Without including any pictures, retype exactly the lines from the top of the records through the line containing "Der Umbau eines", that final line included.

● **Source information**:
*** Block opens ***

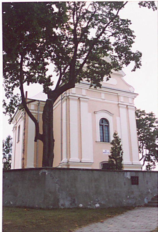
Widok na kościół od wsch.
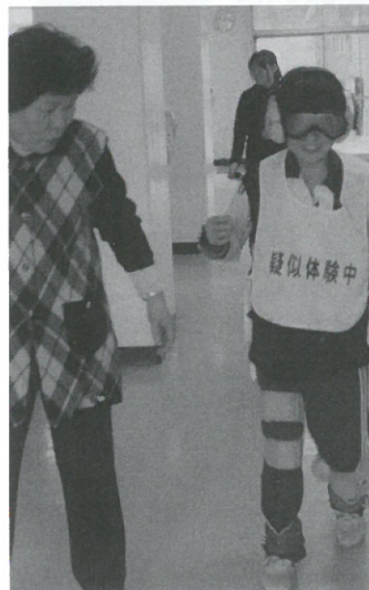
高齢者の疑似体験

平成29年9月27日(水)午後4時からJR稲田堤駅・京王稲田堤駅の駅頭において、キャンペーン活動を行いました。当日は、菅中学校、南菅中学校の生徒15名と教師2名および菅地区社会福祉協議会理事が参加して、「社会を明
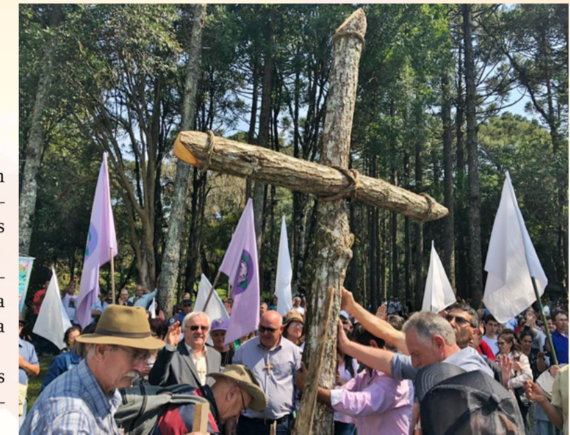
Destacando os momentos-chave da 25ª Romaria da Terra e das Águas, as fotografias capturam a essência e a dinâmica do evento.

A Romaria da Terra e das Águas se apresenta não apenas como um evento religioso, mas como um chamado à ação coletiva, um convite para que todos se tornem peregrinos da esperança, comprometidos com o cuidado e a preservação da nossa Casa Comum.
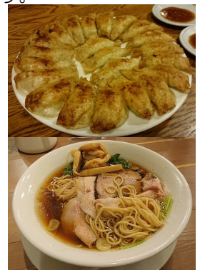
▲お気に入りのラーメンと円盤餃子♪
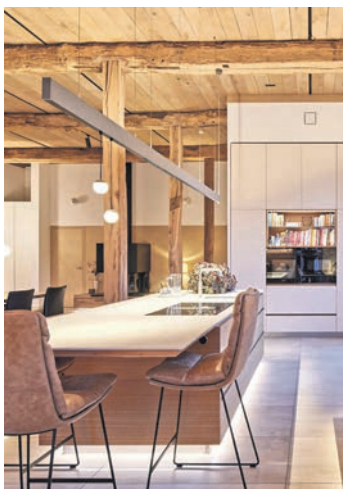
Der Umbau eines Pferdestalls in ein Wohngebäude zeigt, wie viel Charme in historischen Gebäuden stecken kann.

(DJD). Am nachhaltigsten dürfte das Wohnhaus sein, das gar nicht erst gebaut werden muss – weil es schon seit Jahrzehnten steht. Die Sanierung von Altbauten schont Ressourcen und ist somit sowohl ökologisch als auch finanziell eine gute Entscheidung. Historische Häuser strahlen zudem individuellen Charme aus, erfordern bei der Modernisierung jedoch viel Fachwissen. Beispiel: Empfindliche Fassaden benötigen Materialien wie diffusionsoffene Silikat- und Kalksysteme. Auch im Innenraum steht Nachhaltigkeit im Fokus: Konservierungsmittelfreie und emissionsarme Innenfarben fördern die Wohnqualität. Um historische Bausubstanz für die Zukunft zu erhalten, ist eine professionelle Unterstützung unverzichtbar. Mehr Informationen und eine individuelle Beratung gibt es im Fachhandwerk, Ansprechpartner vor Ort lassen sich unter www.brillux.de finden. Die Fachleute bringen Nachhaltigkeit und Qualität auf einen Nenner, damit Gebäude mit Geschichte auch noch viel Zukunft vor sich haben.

*** Block closes ***

● **Solution below**:
Widok na kościół od wsch.
高齢者の疑似体験

平成29年9月27日(水)午後4時からJR稲田堤駅・京王稲田堤駅の駅頭において、キャンペーン活動を行いました。当日は、菅中学校、南菅中学校の生徒15名と教師2名および菅地区社会福祉協議会理事が参加して、「社会を明
Destacando os momentos-chave da 25ª Romaria da Terra e das Águas, as fotografias capturam a essência e a dinâmica do evento.

A Romaria da Terra e das Águas se apresenta não apenas como um evento religioso, mas como um chamado à ação coletiva, um convite para que todos se tornem peregrinos da esperança, comprometidos com o cuidado e a preservação da nossa Casa Comum.
▲お気に入りのラーメンと円盤餃子♪
Der Umbau eines Pferdestalls in ein Wohngebäude zeigt, wie viel Charme in historischen Gebäuden stecken kann.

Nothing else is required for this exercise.